The distinctions between R, R packages, and RStudio are somewhat confusing at first and will be explained in more detail in Chapter 1: Basic R concepts and commands (see Section 1.1.3). At this point, it is good to know that we can interact with R and manage our R packages within the RStudio IDE. Given the large variety of functions and levels, this interface is divided into many sub-windows that can be arranged and expanded in various ways. To get started, we only need to distinguish between the main Editor window (typically located on the top left), the Console (for entering R commands), and a few auxiliary windows that may display outputs (e.g., a Viewer for showing visualizations) and provide information on our current Environment or the Packages available on our computer. A useful window is Help: Although its main page provides mostly links to online materials, any R package contains detailed documentations on and examples of its functions that can be browsed in this window.

Figure 0.4 shows the Posit cheatsheets on the RStudio IDE and illustrates that there are dozens of other functions available. As you get more experienced, you will discover lots of nifty features and shortcuts. Especially foldable sections and keyboard shortcuts (see Alt + Shift + K for an overview) can make your life in R a lot easier. But don’t let the abundance of options overwhelm you — I have yet to meet a person who needs or uses all of them.

The RStudio IDE (from Posit cheatsheets).

Figure 0.4: The RStudio IDE (from Posit cheatsheets).

A useful feature of the RStudio IDE is that collections of files can be combined into projects. For instance, it makes sense to store everything related to this course in a dedicated directory on your hard drive (e.g., in a folder “ds4psy”) and create an RStudio project (also named ds4psy) that uses this directory as its root. An immediate benefit of using projects is that your entire workflow gets more organized.7

R Markdown

R Markdown allows weaving text and code into reproducible research documents. For quick instructions on combining text and code, see Appendix F, or read the more detailed introduction of Chapter 27: R Markdown of the r4ds textbook. Alternatively, just start with one of the following templates:

  • minimal template: rmd_template_s [in .Rmd | .html format]

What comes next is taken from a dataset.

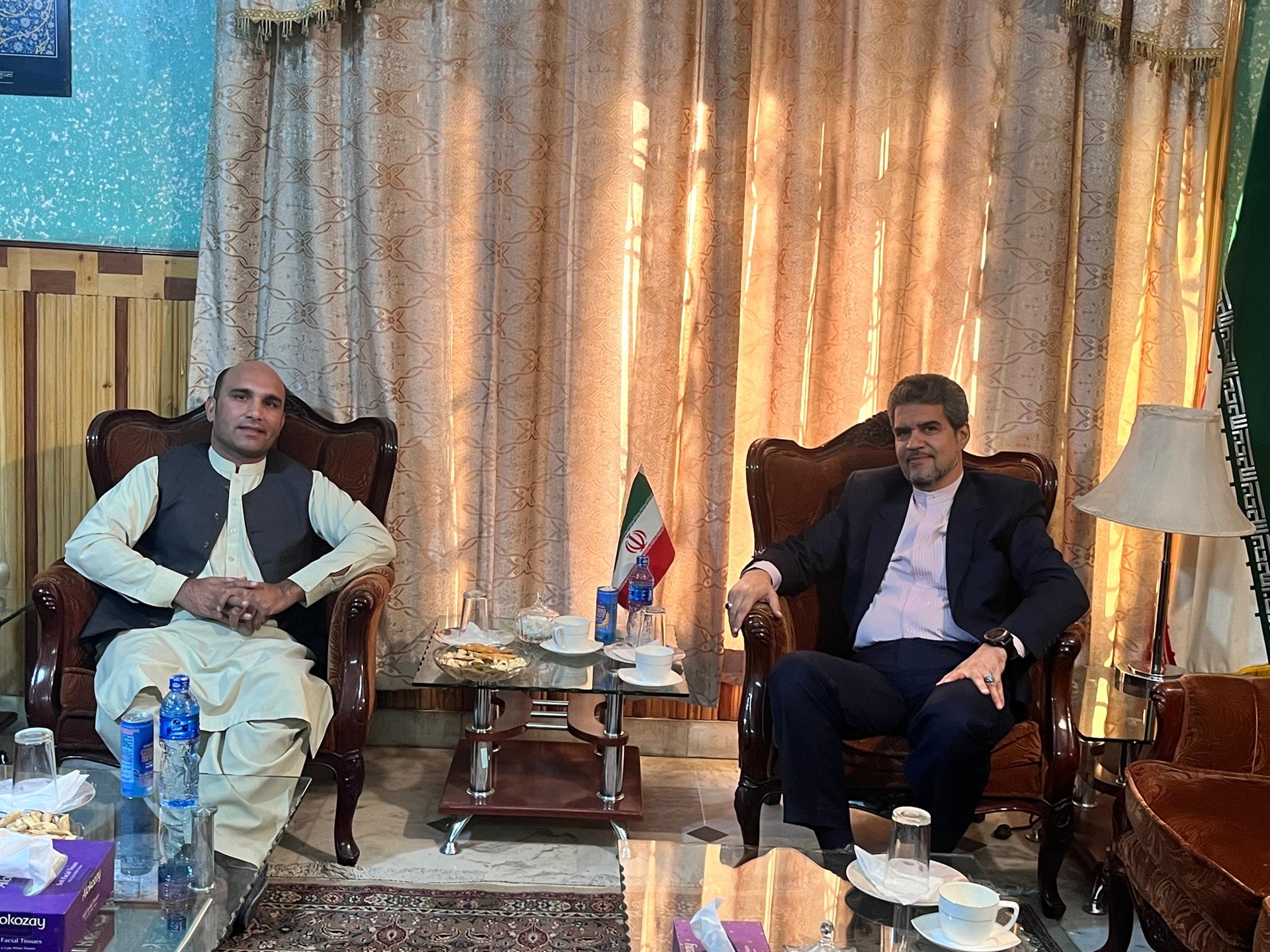 آقای مجید رضا پناه با میزبانی از آقای سلطان ناصری، رئیس سازمان صلیب سرخ در منطقه مشرقی، پیرامون موضوعات مورد علاقه مشترک، گفتگو تبادل نظر نمودند.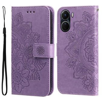 For vivo Y16 / Y02s 7-petal Flowers Embossing Leather Phone Case(Light Purple)

  • medium template: rmd_template_m [in .Rmd | .html format]

  • explicit explanations: Rmarkdown_basics [in .Rmd | .html format]

A typical R Markdown document consists of three distinct parts:

  1. A header for setting global document options;
  2. Text that may contain headings, paragraphs, and itemized lists; and
  3. Code chunks that contain and evaluate R code.

When using R Markdown (typically saved as with the file extension .Rmd), you can generate various output formats to show and transfer your work. I recommend generating output documents in HTML format (i.e., .html files), as they can easily be exchanged and shown on most devices and platforms.

Fortunately, the range of commands required to benefit from R Markdown is very limited. For instance, the commands in the help file Help > Markdown Quick Reference of RStudio provide a good start for creating beautiful and functional documents. Beyond these basics, the R Markdown Cheatsheet — also available in RStudio by selecting Help > Cheatsheets > R Markdown Cheat Sheet — provides a more comprehensive overview of R Markdown functionality and commands:

R Markdown cheatsheet (from Posit cheatsheets).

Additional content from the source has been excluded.